Now, what was the background rate of myocarditis before and after vaccine rollout?

“Myocarditis [was] very rare before COVID-19 vaccination; it could happen. The background rate of with parvovirus or Coxsackievirus is about four cases per million per year. Our initial CDC estimates, again, because they didn’t know the cohort — they estimated 62 cases per million. And then a case series was published by Sharff & Colleagues from Kaiser Permanente, and they had the number up to 500 plus cases per million.”

Nor is it ‘mild,’ as Dr. McCullough details.

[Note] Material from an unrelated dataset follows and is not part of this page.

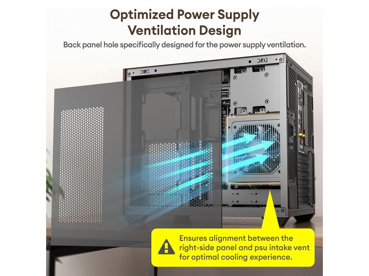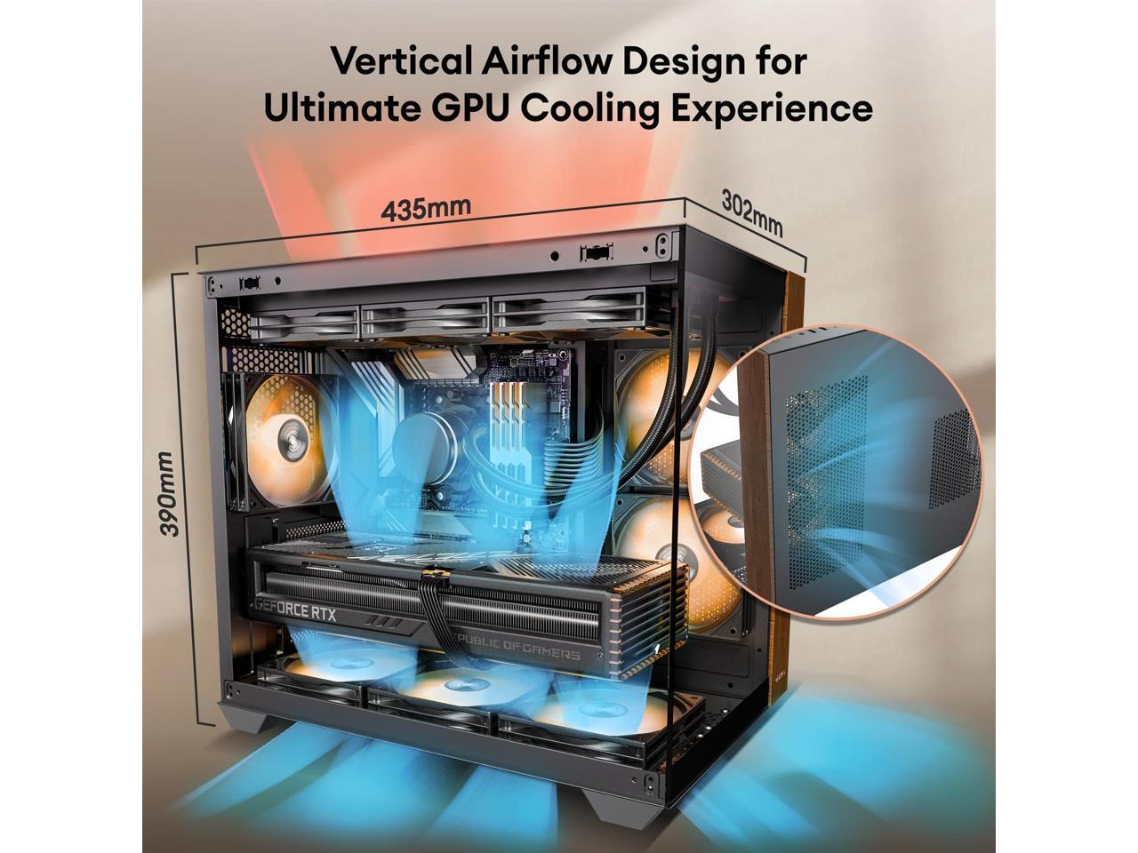 - Dual Air Intake Channels for Vertical Airflow Bottom and side intakes, with the top serving as the main exhaust, create a vertical airflow design. Added back intake vents enhance cooling performance and system efficiency.

“I can tell you as a cardiologist, heart damage causes scarring, and when there’s a scar, that’s a setup for an abnormal heart rhythm, and that abnormal heart rhythm can lead to a cardiac arrest.

The reason why myocarditis is so important in children is that when there’s superimposed adrenaline and noradrenaline in exercise, it is the trigger for cardiac arrest.

And it may explain why we’ve seen scores of athletes die on the field or die during training or other events because it’s subclinical myocarditis, and then superimposed adrenaline surge.”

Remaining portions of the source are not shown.